An evolutionary theory for interpreting urban scaling laws

Abstract

We try here to illustrate the relevance of an evolutionary theory of urban systems for explaining their hierarchical properties. The largest cities became larger because they were successful in adopting many successive innovations. Larger cities capture innovations in a continuous way (through adaptation, imitation, anticipation), and they concentrate a larger part of anything « new » at any time.

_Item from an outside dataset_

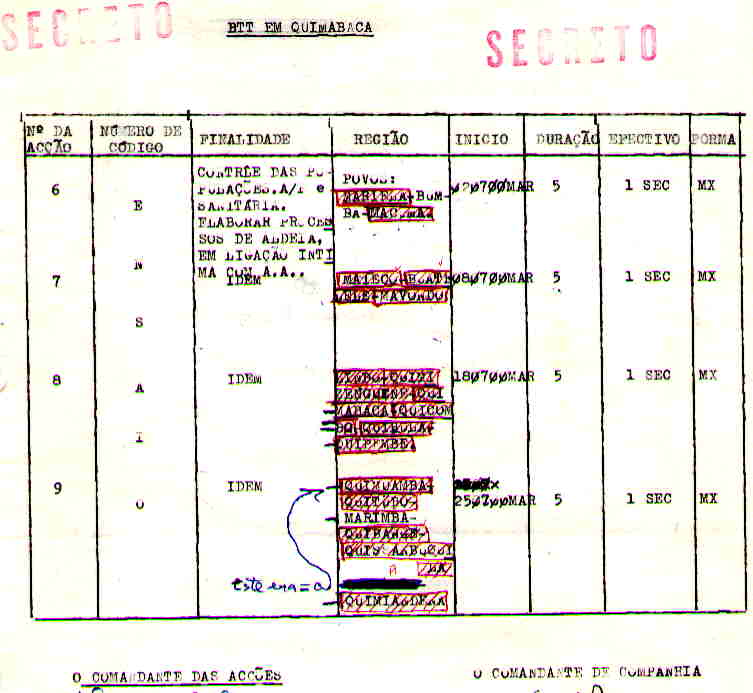 Além da folha assinalada com as palavras «SECRETO», a vermelho e em letras maiúsculas, onde consta a assinatura do comandante da Companhia, tenho comigo um exemplo dactilografado do processo de aldeia. Além dos elementos referentes ao recenseamento das povoações, a parte restante, bastante extensa, faz-me lembrar, em certa medida, o I.L.B., ou seja, os Inquéritos Linguísticos organizados pelo meu antigo professor, o Doutor Paiva Boléo. Dá-me a nítida sensação de ter recuado e voltado ao meu terceiro ano da Universidade.

Their functions demonstrate a higher level of complexity or sophistication of their urban activity and society. The most advanced technologies concentrate in largest cities, the common place activities are ubiquitous, whereas old ones remain in small towns only (or, in economic terms, there are increasing, constant or decreasing returns to urban scale). Such regularities can be expressed in the form of scaling laws that were recognised as revealing specific constraints on the structure and evolution of complex systems in physics and biology. Approaching urban activities by scaling laws provides a linkage between the concepts of urban function, city size, and innovation cycles. Over time, there is a substitution among the activities of the largest cities, where the oldest technologies and professions are replaced by the new ones, while the old ones are relatively concentrating in the smallest towns. Such an evolution is observed within urban systems where cities are fully connected and interdependent. There are processes of cooperation through exchanges of information and learning that enable an incremental diffusion of innovation and a continuous adaptation of urban activities and society in all parts of the system. Meanwhile, there are also processes of competition between cities that enhance their capacity to innovate and to levy the benefits of innovation. A distributed process of urban growth including a slight but continuing advantage for the largest cities is the result of that competitive process, while the successive adaptation of the urban functions follows the economic and social innovation cycles.